→ **Exercise requirements**
All of the data that follows is to be written out exactly, with images excluded.

[Stored records]
⁂
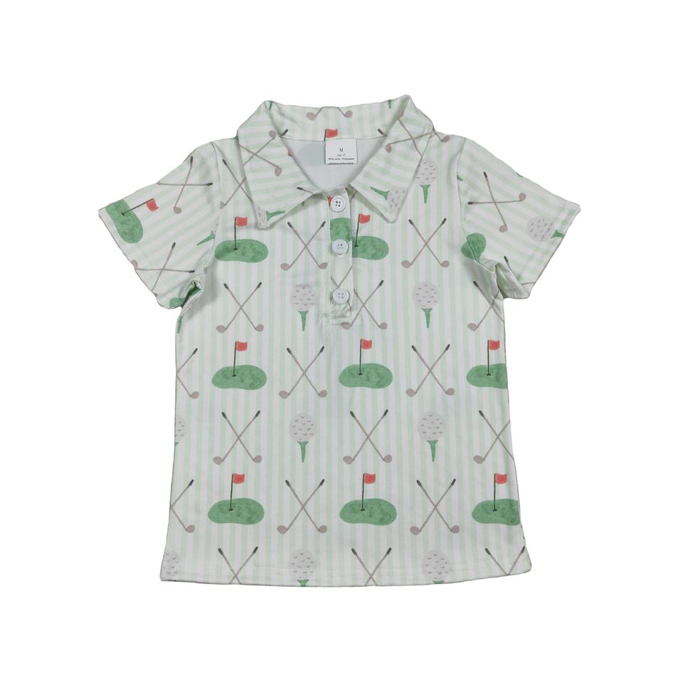 BT1584 RTS green stripe golf pattern print Top for Baby Boy long Sleeve Infant T-shirt summer button Clothe
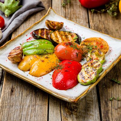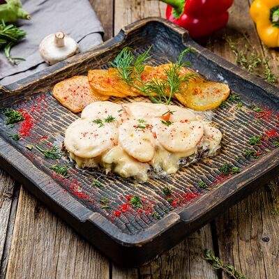 Куриное бедро в специях с горчицей, болгарским перцем, острым перцем и сыром гауда
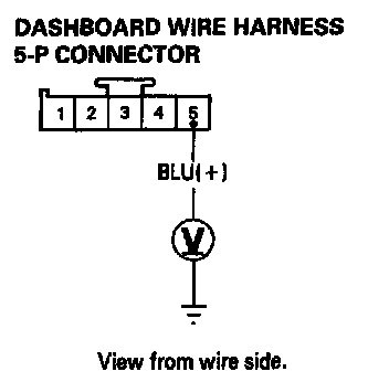 9. Turn the ignition switch ON (II) and wait for six seconds. Measure the voltage between the No.5 terminal (+) and body ground (-).
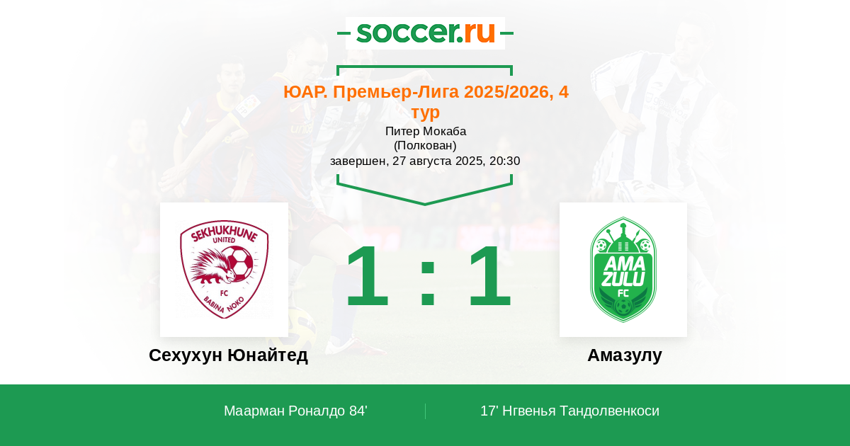 | Сехухун Юнайтед | Амазулу | |
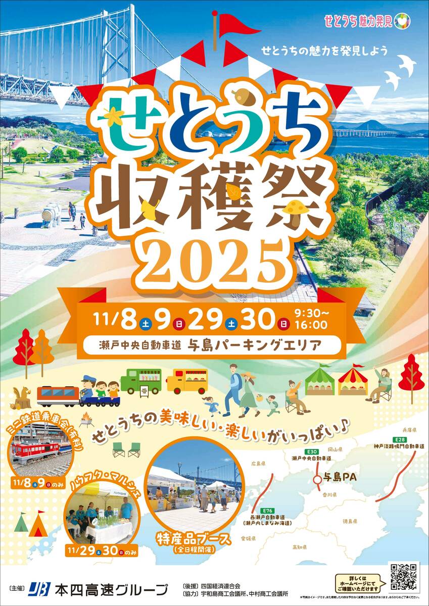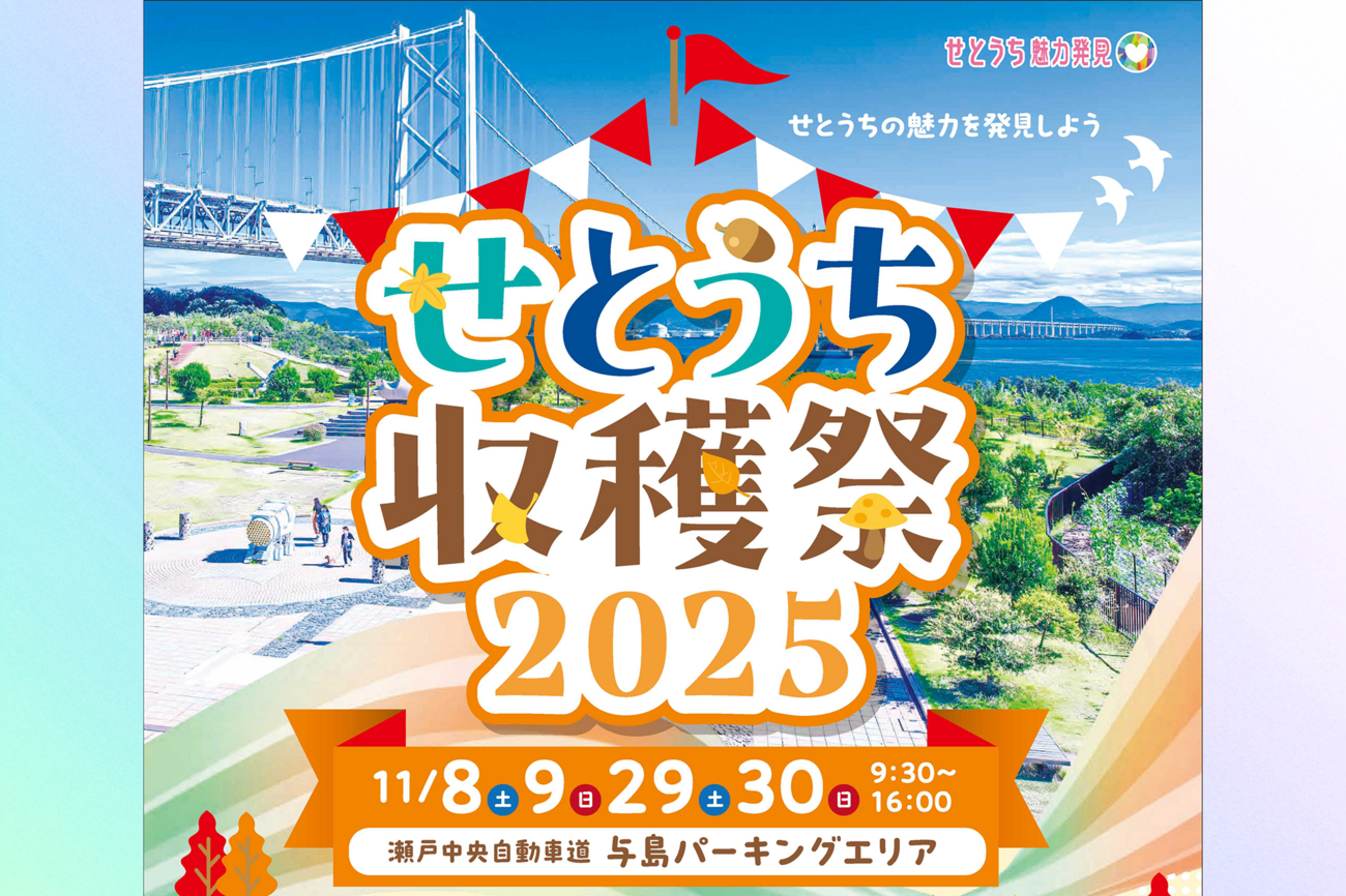 瀬戸内の特産品や楽しい体験がぎゅっと詰まった「せとうち収穫祭2025」が、与島PAで開催されます。JB本四高速グループが取り組む「せとうち魅力発見キャンペーン」の一環として行われるもので、家族で楽しめる秋のおでかけイベントです。会場は、瀬戸大橋の真ん中に位置する与島パーキングエリア。青い海に囲まれたロケーションの中で、瀬戸内の“おいしい”“たのしい”を満喫してみませんか?開催は11月8日(土)・9日(日)、11月29日(土)・30日(日)の4日間。
⁂
→ **Task response**
 BT1584 RTS green stripe golf pattern print Top for Baby Boy long Sleeve Infant T-shirt summer button Clothe
 Куриное бедро в специях с горчицей, болгарским перцем, острым перцем и сыром гауда
 9. Turn the ignition switch ON (II) and wait for six seconds. Measure the voltage between the No.5 terminal (+) and body ground (-).
 | Сехухун Юнайтед | Амазулу | |
 瀬戸内の特産品や楽しい体験がぎゅっと詰まった「せとうち収穫祭2025」が、与島PAで開催されます。JB本四高速グループが取り組む「せとうち魅力発見キャンペーン」の一環として行われるもので、家族で楽しめる秋のおでかけイベントです。会場は、瀬戸大橋の真ん中に位置する与島パーキングエリア。青い海に囲まれたロケーションの中で、瀬戸内の“おいしい”“たのしい”を満喫してみませんか?開催は11月8日(土)・9日(日)、11月29日(土)・30日(日)の4日間。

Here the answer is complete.